More than a million people have signed an online petition demanding that the government of Moon Jae-in forcibly dissolve the sect, which has long faced allegations that it brainwashes members and breaks up families. Shincheonji, which has insisted that it is “thoroughly tackling the coronavirus” and has denied telling its members to lie about going to services, did not respond to a request for comment. “Shincheonji is a pernicious and insidious organisation that slowly infiltrates all aspects of their members’ lives,” said Gareth Millar, an English professor in the central city of Daejeon, who attributes the breakdown of his marriage to his wife devoting “all of her waking hours” to the group.

“In this instance, I feel that the government has been wholly negligent and derelict in its responsibility to protect the public,” said Millar, who believes South Korea should enact legislation similar to France’s controversial About-Picard law, which outlaws “mental manipulation” and allows the courts to order the dissolution of sects whose members have committed crimes.

Rescue operations following the sinking of the ferry Sewol in waters off Jindo Island, South Korea.

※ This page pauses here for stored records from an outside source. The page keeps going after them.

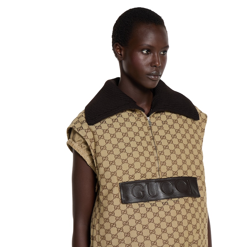 品牌典藏图案与休闲丹宁面料、轻质帆布和精致绒面材质等纹理精美的面料交相辉映,令系列熠熠生辉。这款马甲选用GG帆布精制而成,前幅缀饰Gucci皮革标签,尽释别样风采。
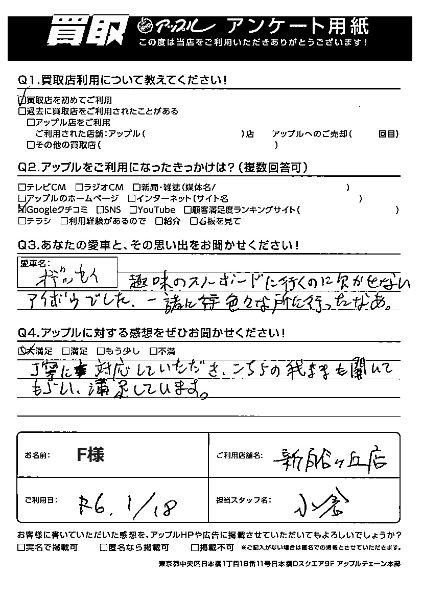 電話をしてからすぐに査定に来て下さって、その日のうちに
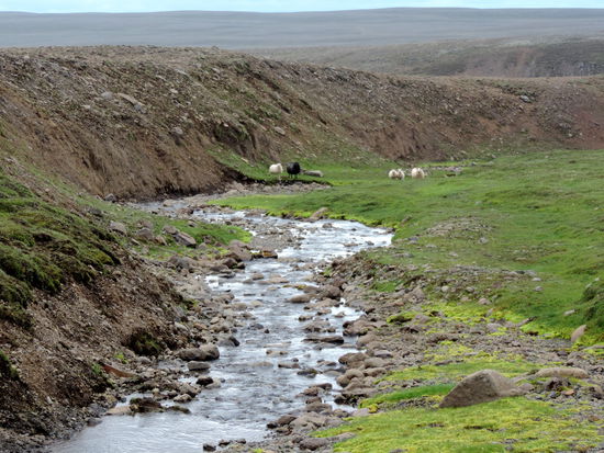 Wir duschten noch einmal, denn es war ja fraglich, wann wir das nächste Mal dazu kommen würden. Die Fahrt auf der F756 war ganz toll. Der Weg war sehr gut befahrbar. Er schlängelte sich bergauf und bergab. Lange begleitete uns ein Fluß, der mal schmal und reißend war, dann wieder mäanderte. Sehr viele Schafe weideten hier und verließen schnell den Weg, als wir kamen. Ein Regenpfeifer trippelte vor uns her, um dann laut rufend zu verschwinden. Ab und zu kam ein Wagen entgegen. In der Ferne tauchten hohe Berge auf, auf denen noch viele Schneefelder zu sehen waren. Wir kamen an zwei schönen Seen mit vielen Vögeln vorbei. Wir entdeckten einen Sterntaucher. Bald danach tauchte ein großer Stausee auf, auf dessen Damm der Weg verlief. Ab einer Kreuzung ging es auf der 35 weiter. Dieser nördliche Teil wirkte auf uns wie eine Autobahn, so gut war der Weg. Erst kurz vor dem Abzweig nach Hveravellir, wo wir auf den südlichen Teilen der Strecke stießen, war der Weg viel schlechter.
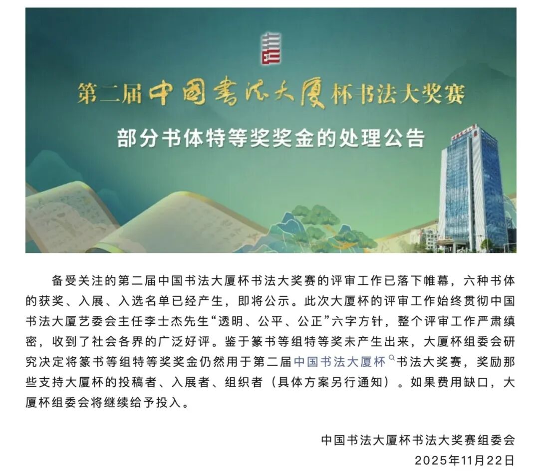 结果公布后,关于“字丑”“评委是老师”的质疑引发多方关注,11月22日,大奖组委会宣布取消该作品草书特等奖拟获奖资格,承认存在“个别领导做手脚“的事实。
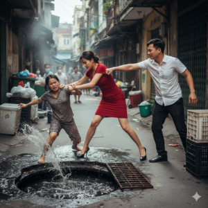 B/ồ xô vợ ngã xuống hố nước thải bốc mùi và hành động khôn g ngờ của người chồng
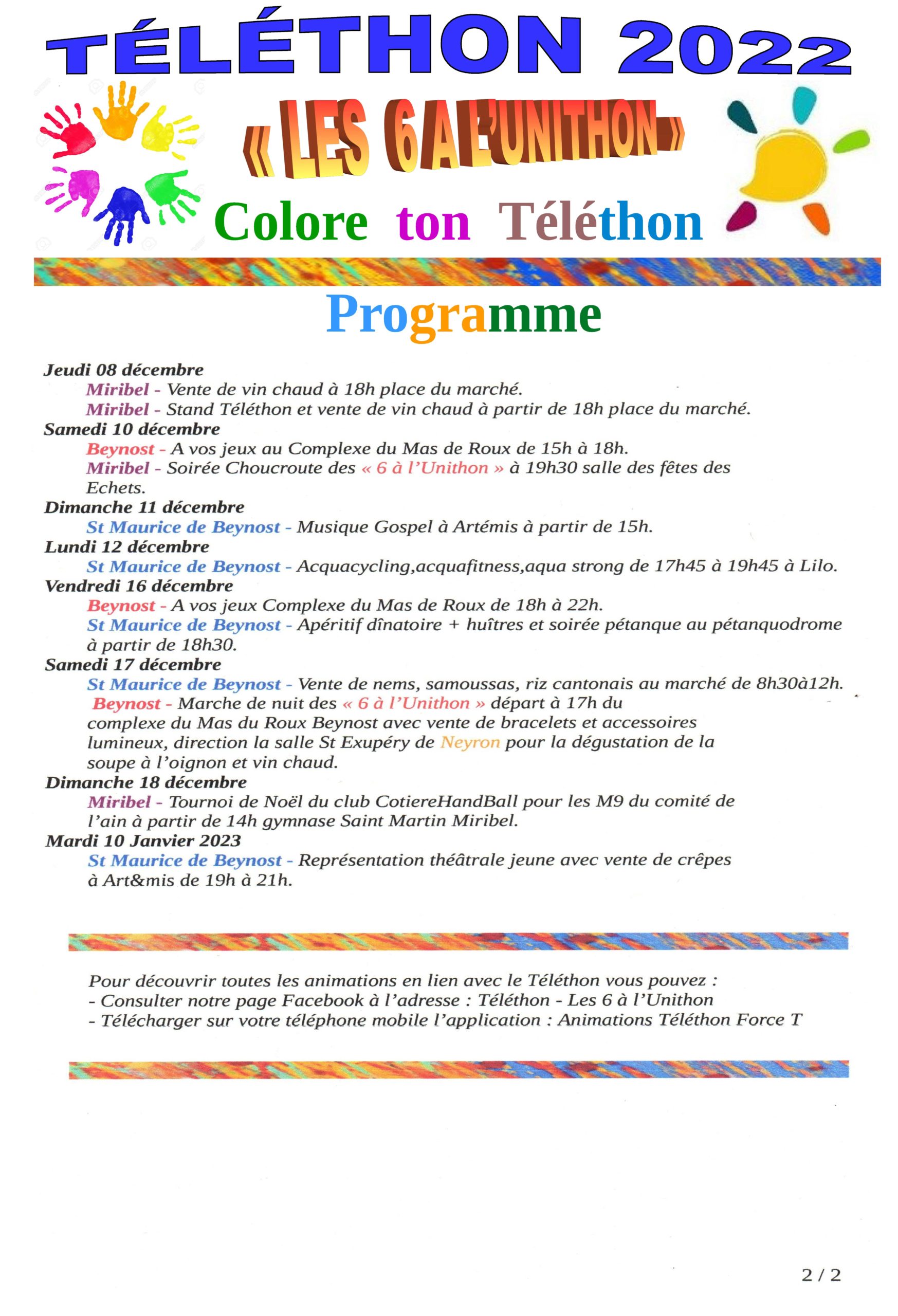 A l'occasion du téléthon, les 6 communes du territoire de la Communauté de Communes de Miribel et du Plateau (Beynost, Neyron, Miribel, Saint-Maurice-de-Beynost, Tramoyes et Thil) ont décidé de se réunir pour élaborer un programme sur l'ensemble du territoire du 22 octobre au 18 décembre.

Photo: EPA

PARSING THE HERETICAL

Although South Korea’s National Assembly on Wednesday rushed through a set of bills to manage the outbreak, including mandatory testing of suspected carriers of the infection, and the government has ordered the temporary closure of Shincheonji’s churches, more sweeping measures targeting sects would face major hurdles due to constitutional provisions around religious freedom and the separation of church and state.

“Such enforcement measures are possible because they are to prevent infectious diseases and are the minimum measures necessary, but can’t be seen as a law to regulate the evils of specific sects or denominations,” said Bang Seung-ju, an expert in constitutional law at Hanyang University in Seoul.

“Regular traditional sects and denominations, and sects and denominations distinguished as cults, can’t be regulated because a country cannot decide what is legitimate and what is heretical,” Bang said.

Apart from Shincheonji members who have decried a “witch hunt” against the sect, some religious experts have cautioned against blaming religion or spiritual belief for a complex public health crisis.

“The secretive nature of the church, the shoulder-to-shoulder forms of religious practices, along with the Korean traditional notion of ‘uncritical and unquestioning loyalty’ could have added to the spread of the coronavirus,” said Chammah J. Kaunda, an assistant professor at Yonsei University’s United Graduate School of Theology in Seoul. “However, it is also easy to use Shincheonji as a scapegoat in order to protect a national global image.”